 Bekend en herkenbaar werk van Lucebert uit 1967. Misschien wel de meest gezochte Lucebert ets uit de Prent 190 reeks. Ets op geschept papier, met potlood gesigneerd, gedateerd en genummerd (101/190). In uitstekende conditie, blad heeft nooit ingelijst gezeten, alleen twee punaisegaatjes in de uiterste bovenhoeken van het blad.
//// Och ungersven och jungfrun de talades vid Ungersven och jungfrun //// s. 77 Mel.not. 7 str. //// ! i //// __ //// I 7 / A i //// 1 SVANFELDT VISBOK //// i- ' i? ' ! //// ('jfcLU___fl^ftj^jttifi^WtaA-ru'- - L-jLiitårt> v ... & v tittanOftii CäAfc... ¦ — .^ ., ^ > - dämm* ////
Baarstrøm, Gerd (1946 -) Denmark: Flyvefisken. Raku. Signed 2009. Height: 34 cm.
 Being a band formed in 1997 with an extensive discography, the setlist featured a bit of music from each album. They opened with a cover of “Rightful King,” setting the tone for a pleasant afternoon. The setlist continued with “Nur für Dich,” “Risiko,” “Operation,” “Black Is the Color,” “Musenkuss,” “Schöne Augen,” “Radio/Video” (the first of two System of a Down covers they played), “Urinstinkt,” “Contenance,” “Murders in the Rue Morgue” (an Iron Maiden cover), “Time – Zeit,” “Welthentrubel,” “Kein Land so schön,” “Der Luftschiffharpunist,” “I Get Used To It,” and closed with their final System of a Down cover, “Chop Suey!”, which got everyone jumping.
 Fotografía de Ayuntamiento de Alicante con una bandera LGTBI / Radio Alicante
==
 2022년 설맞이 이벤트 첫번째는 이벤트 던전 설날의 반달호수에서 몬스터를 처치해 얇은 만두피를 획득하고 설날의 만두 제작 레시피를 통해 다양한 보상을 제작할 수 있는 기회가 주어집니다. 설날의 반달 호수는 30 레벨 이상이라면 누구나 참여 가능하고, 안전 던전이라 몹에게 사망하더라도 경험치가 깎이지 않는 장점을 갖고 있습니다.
---
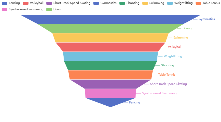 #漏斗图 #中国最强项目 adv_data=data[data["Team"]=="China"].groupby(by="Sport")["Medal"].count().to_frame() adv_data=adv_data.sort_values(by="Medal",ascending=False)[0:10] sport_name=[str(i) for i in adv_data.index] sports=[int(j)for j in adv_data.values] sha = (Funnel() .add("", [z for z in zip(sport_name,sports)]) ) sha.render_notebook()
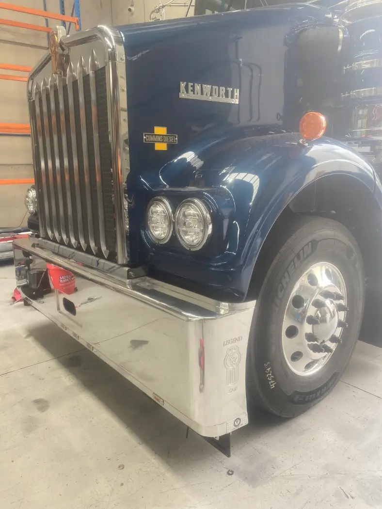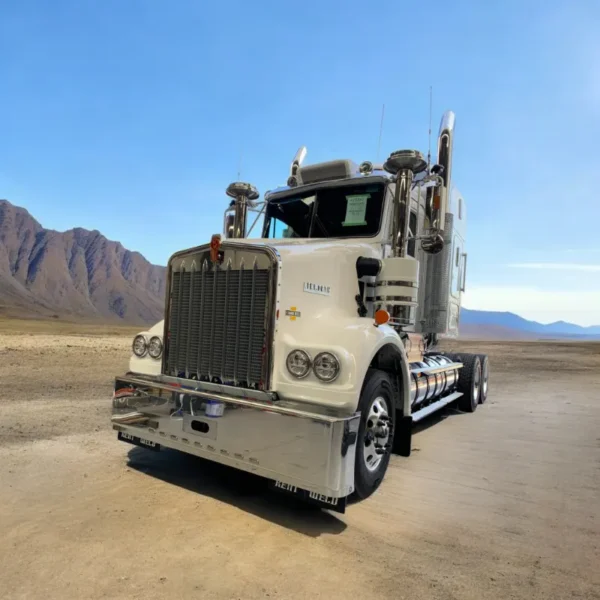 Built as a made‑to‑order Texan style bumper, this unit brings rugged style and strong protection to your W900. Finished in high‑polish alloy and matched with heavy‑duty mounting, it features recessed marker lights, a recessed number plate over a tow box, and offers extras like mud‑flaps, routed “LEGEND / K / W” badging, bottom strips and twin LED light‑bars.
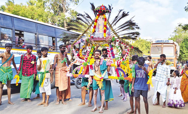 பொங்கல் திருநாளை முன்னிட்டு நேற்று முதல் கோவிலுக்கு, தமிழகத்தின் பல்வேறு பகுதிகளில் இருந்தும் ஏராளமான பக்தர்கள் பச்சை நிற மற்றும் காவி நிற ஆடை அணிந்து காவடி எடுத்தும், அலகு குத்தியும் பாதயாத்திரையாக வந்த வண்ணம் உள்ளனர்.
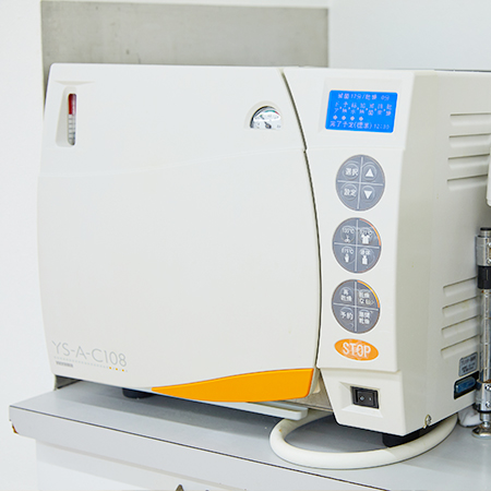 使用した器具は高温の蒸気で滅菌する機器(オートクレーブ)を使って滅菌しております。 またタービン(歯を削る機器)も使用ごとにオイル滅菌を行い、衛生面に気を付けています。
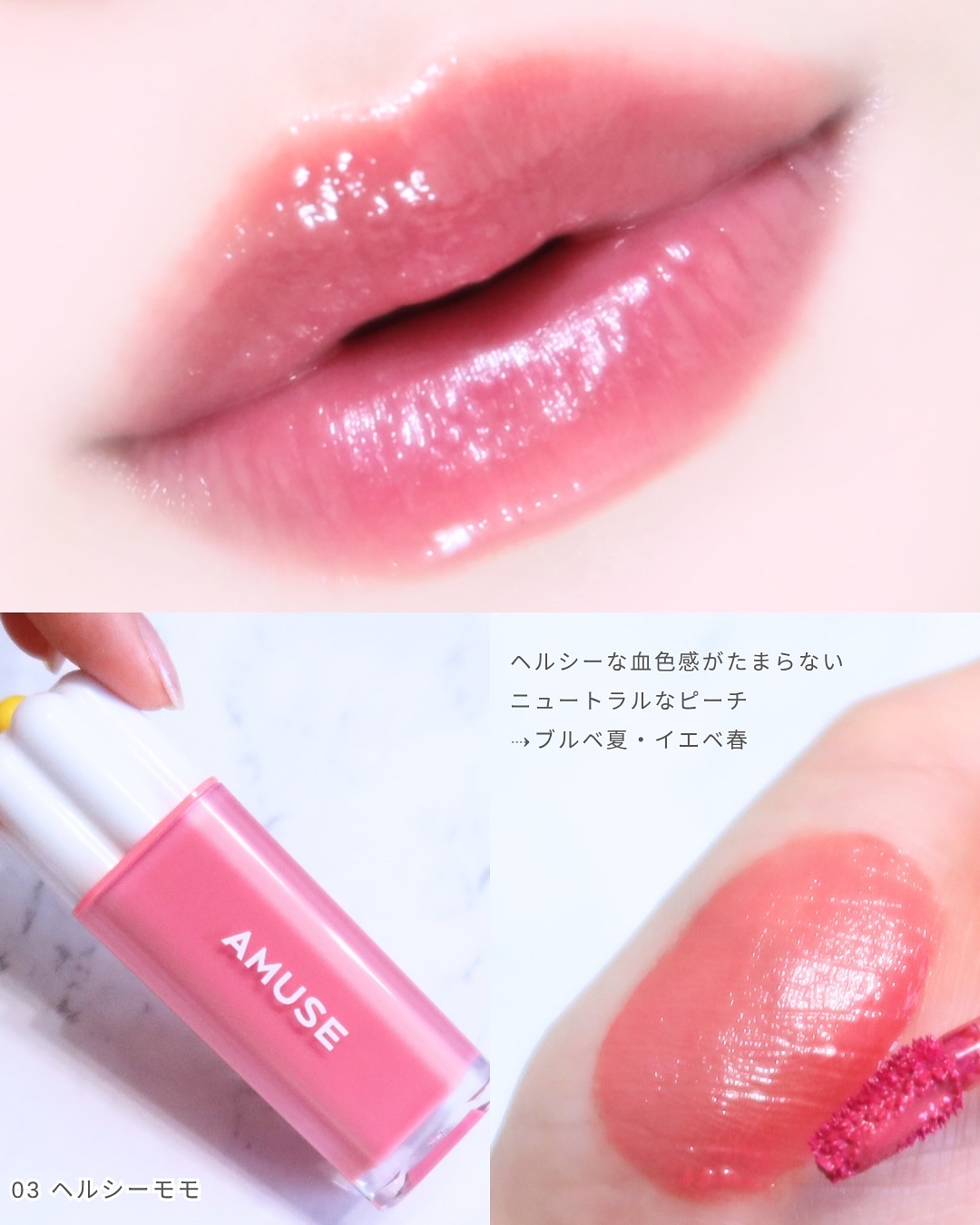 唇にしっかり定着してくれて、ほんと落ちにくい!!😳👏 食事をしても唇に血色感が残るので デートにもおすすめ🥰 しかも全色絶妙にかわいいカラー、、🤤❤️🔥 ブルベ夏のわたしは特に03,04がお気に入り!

AIM OF THE EXERCISE => Reproduce verbatim the lines above, from the line with "Bekend en herkenbaar" through the line with "Fotografía de Ayuntamiento".

OUTPUT FOR THIS EXERCISE =>
 Bekend en herkenbaar werk van Lucebert uit 1967. Misschien wel de meest gezochte Lucebert ets uit de Prent 190 reeks. Ets op geschept papier, met potlood gesigneerd, gedateerd en genummerd (101/190). In uitstekende conditie, blad heeft nooit ingelijst gezeten, alleen twee punaisegaatjes in de uiterste bovenhoeken van het blad.
//// Och ungersven och jungfrun de talades vid Ungersven och jungfrun //// s. 77 Mel.not. 7 str. //// ! i //// __ //// I 7 / A i //// 1 SVANFELDT VISBOK //// i- ' i? ' ! //// ('jfcLU___fl^ftj^jttifi^WtaA-ru'- - L-jLiitårt> v ... & v tittanOftii CäAfc... ¦ — .^ ., ^ > - dämm* ////
Baarstrøm, Gerd (1946 -) Denmark: Flyvefisken. Raku. Signed 2009. Height: 34 cm.
 Being a band formed in 1997 with an extensive discography, the setlist featured a bit of music from each album. They opened with a cover of “Rightful King,” setting the tone for a pleasant afternoon. The setlist continued with “Nur für Dich,” “Risiko,” “Operation,” “Black Is the Color,” “Musenkuss,” “Schöne Augen,” “Radio/Video” (the first of two System of a Down covers they played), “Urinstinkt,” “Contenance,” “Murders in the Rue Morgue” (an Iron Maiden cover), “Time – Zeit,” “Welthentrubel,” “Kein Land so schön,” “Der Luftschiffharpunist,” “I Get Used To It,” and closed with their final System of a Down cover, “Chop Suey!”, which got everyone jumping.
 Fotografía de Ayuntamiento de Alicante con una bandera LGTBI / Radio Alicante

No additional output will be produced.